According to US Space Command, which is monitoring the trajectory of the enormous Chinese rocket, the rocket’s remains that delivered a new module to its space station on Monday are anticipated to crash to Earth early next week.
Wentian laboratory module successfully docked with China’s orbiting outpost after launching from Hainan Island at 2:22 p.m. local time on Sunday, July 24. The 23-ton Long March 5B rocket that carried the module weighed 23 tonnes.
The rocket has finished its mission, but it’s unclear where it will land because it has started to fall uncontrollably toward Earth’s atmosphere. The country has been accused of improperly handling space debris from its rocket stage three times, the last instance being the uncontrolled descent.
“It is made of metal and weighs 20 tonnes. Even if it disintegrates when it hits the atmosphere, numerous fragments, some of which are quite large, will reach the surface “said Michael Byers, a professor at the University of British Columbia and the lead researcher on a recent study on the danger posed by space debris to human lives.
According to Byers, there is almost no risk to people from space debris, but if larger pieces end up in populated areas, there may be a chance for damage. According to research published in the journal Nature Astronomy, Byers claimed that due to an increase in space debris, these slim chances are becoming more likely, particularly in the global south, with rocket bodies being about three times more likely to land at the latitudes of Jakarta, Dhaka, and Lagos than those of New York, Beijing, or Moscow.
In an email, he wrote, “This risk is absolutely avoidable because technology and mission designs now exist that may offer controlled reentries (often into isolated portions of oceans) instead of uncontrolled and hence completely random ones.

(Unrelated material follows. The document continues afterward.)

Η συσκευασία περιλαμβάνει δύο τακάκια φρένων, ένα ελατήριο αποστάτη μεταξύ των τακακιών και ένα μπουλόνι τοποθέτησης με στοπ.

The rocket’s re-entry zone, he continued, was strictly defined as being only within the latitude range of 41 degrees south and north of the equator.
A spokeswoman for the US Space Command stated that the USSC will monitor the Chinese rocket’s return to Earth.

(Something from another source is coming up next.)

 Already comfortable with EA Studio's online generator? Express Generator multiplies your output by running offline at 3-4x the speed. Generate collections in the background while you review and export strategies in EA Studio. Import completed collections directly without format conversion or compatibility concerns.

The rocket stage’s precise entry point into Earth’s atmosphere “cannot be defined until within hours of its reentry,” the representative stated, due to the varied atmospheric conditions, but it is anticipated to do so around August 1.
Daily location updates will also be provided by the 18th Space Defense Squadron, a tracking unit for reentries in the US military.
For a response, CNN has contacted the China Manned Space Agency.
According to Jonathan McDowell, an astronomer at the Harvard-Smithsonian Center for Astrophysics, space junk weighing more than 2.2 tonnes is often carried to a precise spot on its first orbit around the planet.
The key issue, he continued, is that large objects are rarely sent into orbit devoid of active control.
It “simply tumbles along in orbit and eventually burns up due to friction with the environment” since it lacks an active control system and an engine that can be restarted to bring it back down to Earth, McDowell told CNN.
After launching a second module on a similar rocket, China received harsh criticism for how it handled space debris last year. Ten days after its launch, its remains sank in the Indian Ocean not far from the Maldives.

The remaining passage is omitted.